We should probably not be closing as duplicate this way.
I've checked with a Code Review moderator about how they handle this. (Code review is currently my measuring stick for what makes successful iterative review.) They specifically do not close version 1 as a duplicate of version 2.
They do require version 2 to link back to version 1, which puts version 2 in the links sidebar of version 1. Sometimes a user will also edit version 1 to point forward to version 2.
They don't close as duplicate for two reasons:
- Duplicates silently redirect users to the duplicate target, at least for anonymous visitors (which are ≥90% of our site traffic).
- They're not actually the same questions, they don't have the same content and responses.
Point 1 there is the main concern. It sounds like it's helpful but it actually presents a problem. The pragmatic usefulness of a homebrew review question comes in two ways:
- We help the user improve their homebrew.

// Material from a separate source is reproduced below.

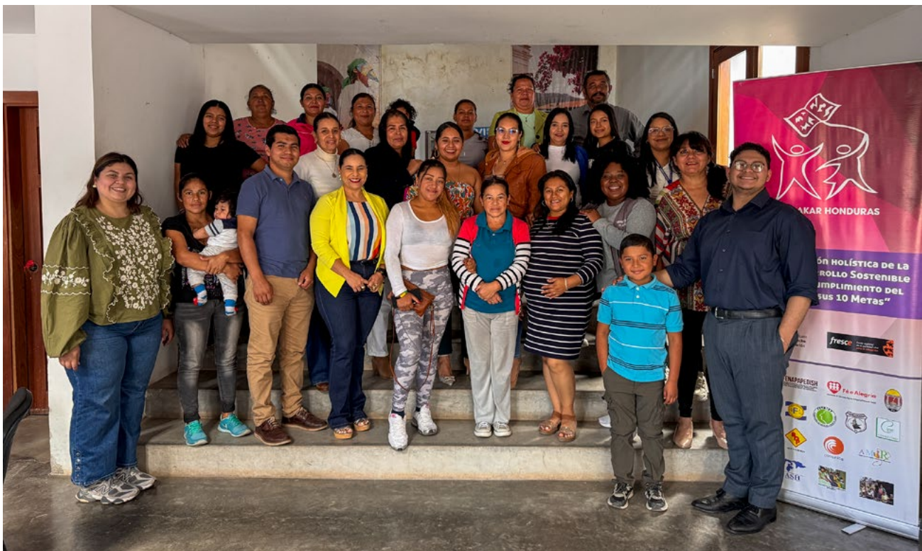
Miembros del Foro Dakar Honduras en una reunión de trabajo sobre el Objetivo de Desarrollo Sostenible n.º 4 de las Naciones Unidas, según el cual todas las niñas y todos los niños deben poder completar una educación gratuita, equitativa y de calidad.

La FDH es un buen ejemplo de este tipo de trabajo a través de su seguimiento especializado la justicia fiscal educativa, que permitirá al Ministerio de Educación contar con los recursos necesarios para asegurar el derecho a la educación (FDH 2023). Su proyecto “Raising the voice of free public education in Honduras” (2020-2026) inaugurado con el apoyo financiero y técnico de la OSC especializada en educación Educación en Voz Alta (parte de la Alianza Mundial por la Educación y gestionado por Oxfam Dinamarca), tiene como objetivo central exigir un mayor financiamiento público educativo, presupuestos sensibles al género y mayor transparencia (Education Out Loud 2025).

- We also build up a knowledge base of reference on better understanding how to craft successful homebrew through an accumulation of analysis, deconstruction, and feedback. Speaking as a homebrewer for a different non-TTRPG game, it's this accumulation of analysis that helps me learn how to build better homebrew content because I can learn from what other content did right or wrong.

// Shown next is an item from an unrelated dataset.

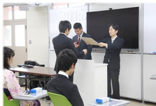
卒業式での学部長表彰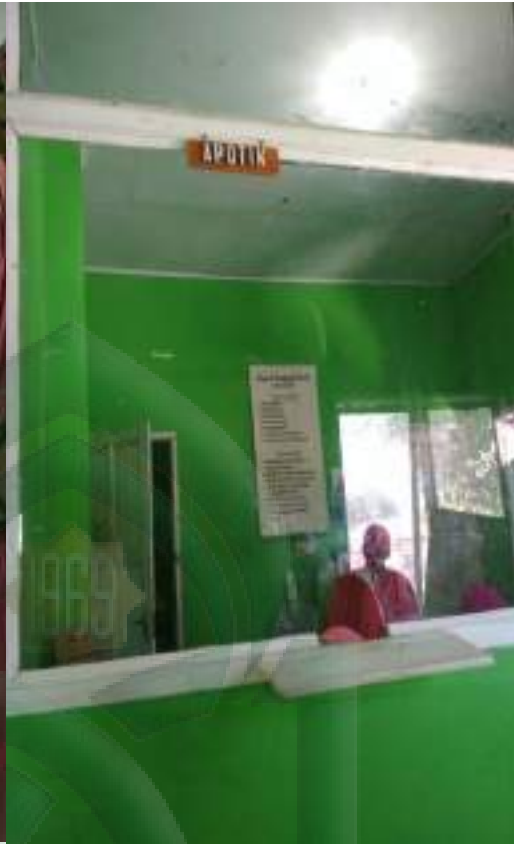
tempat pengambilan obat di Pkm Polsel

Duplicates disrupt #2: if users get silently redirected away from earlier versions (without even know it's happened) it shuts away feedback and makes it harder to see and access. Someone clicking a link to version 1 (with tons of useful feedback) gets forwarded on silently to version 2 (which is much improved, but has very little feedback) and doesn't get to see the version 1 that lead to those improvements in version 2. As a user unfamiliar with our site they don't even know how to get back to version 1, and don't even know they were forwarded away from it and that there is a version 1 to reach.
This means the knowledge base we'd be otherwise building up is mostly inaccessible and hidden away. That's a problem we create by closing as duplicate.